## What the task requires
Could you output each line below precisely as it stands, without the images?

## Information supplied

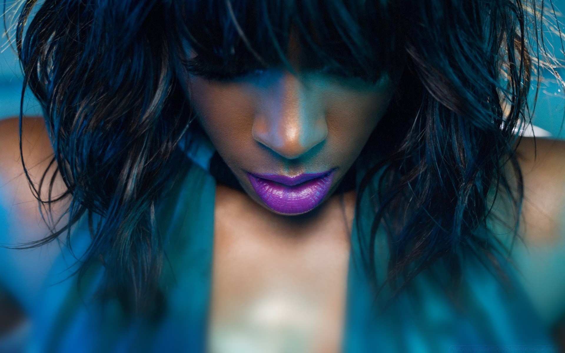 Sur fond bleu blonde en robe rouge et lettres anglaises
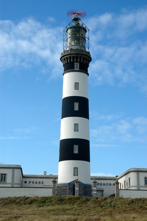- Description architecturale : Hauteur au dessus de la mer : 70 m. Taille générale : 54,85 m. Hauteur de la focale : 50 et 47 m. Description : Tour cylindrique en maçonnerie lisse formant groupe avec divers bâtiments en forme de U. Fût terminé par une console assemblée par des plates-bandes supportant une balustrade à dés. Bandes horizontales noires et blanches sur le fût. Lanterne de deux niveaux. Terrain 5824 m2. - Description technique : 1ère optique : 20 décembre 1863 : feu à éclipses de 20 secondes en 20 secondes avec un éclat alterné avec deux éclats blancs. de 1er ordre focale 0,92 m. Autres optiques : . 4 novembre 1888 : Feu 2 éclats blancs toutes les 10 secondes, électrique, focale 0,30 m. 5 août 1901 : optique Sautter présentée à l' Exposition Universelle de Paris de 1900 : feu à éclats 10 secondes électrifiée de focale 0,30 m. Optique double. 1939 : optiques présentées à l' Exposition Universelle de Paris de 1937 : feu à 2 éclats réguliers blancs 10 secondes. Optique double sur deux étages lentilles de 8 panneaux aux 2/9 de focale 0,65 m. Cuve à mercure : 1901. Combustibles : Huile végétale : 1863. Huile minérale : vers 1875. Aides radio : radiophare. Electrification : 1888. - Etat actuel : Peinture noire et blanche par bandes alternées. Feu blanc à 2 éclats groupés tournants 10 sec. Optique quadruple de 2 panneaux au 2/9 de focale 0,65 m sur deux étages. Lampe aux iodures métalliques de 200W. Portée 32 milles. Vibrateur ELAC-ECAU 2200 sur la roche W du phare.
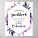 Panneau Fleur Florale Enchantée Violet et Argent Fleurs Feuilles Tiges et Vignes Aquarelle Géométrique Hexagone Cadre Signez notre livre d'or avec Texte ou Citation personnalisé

## Solution below
 Sur fond bleu blonde en robe rouge et lettres anglaises
- Description architecturale : Hauteur au dessus de la mer : 70 m. Taille générale : 54,85 m. Hauteur de la focale : 50 et 47 m. Description : Tour cylindrique en maçonnerie lisse formant groupe avec divers bâtiments en forme de U. Fût terminé par une console assemblée par des plates-bandes supportant une balustrade à dés. Bandes horizontales noires et blanches sur le fût. Lanterne de deux niveaux. Terrain 5824 m2. - Description technique : 1ère optique : 20 décembre 1863 : feu à éclipses de 20 secondes en 20 secondes avec un éclat alterné avec deux éclats blancs. de 1er ordre focale 0,92 m. Autres optiques : . 4 novembre 1888 : Feu 2 éclats blancs toutes les 10 secondes, électrique, focale 0,30 m. 5 août 1901 : optique Sautter présentée à l' Exposition Universelle de Paris de 1900 : feu à éclats 10 secondes électrifiée de focale 0,30 m. Optique double. 1939 : optiques présentées à l' Exposition Universelle de Paris de 1937 : feu à 2 éclats réguliers blancs 10 secondes. Optique double sur deux étages lentilles de 8 panneaux aux 2/9 de focale 0,65 m. Cuve à mercure : 1901. Combustibles : Huile végétale : 1863. Huile minérale : vers 1875. Aides radio : radiophare. Electrification : 1888. - Etat actuel : Peinture noire et blanche par bandes alternées. Feu blanc à 2 éclats groupés tournants 10 sec. Optique quadruple de 2 panneaux au 2/9 de focale 0,65 m sur deux étages. Lampe aux iodures métalliques de 200W. Portée 32 milles. Vibrateur ELAC-ECAU 2200 sur la roche W du phare.
 Panneau Fleur Florale Enchantée Violet et Argent Fleurs Feuilles Tiges et Vignes Aquarelle Géométrique Hexagone Cadre Signez notre livre d'or avec Texte ou Citation personnalisé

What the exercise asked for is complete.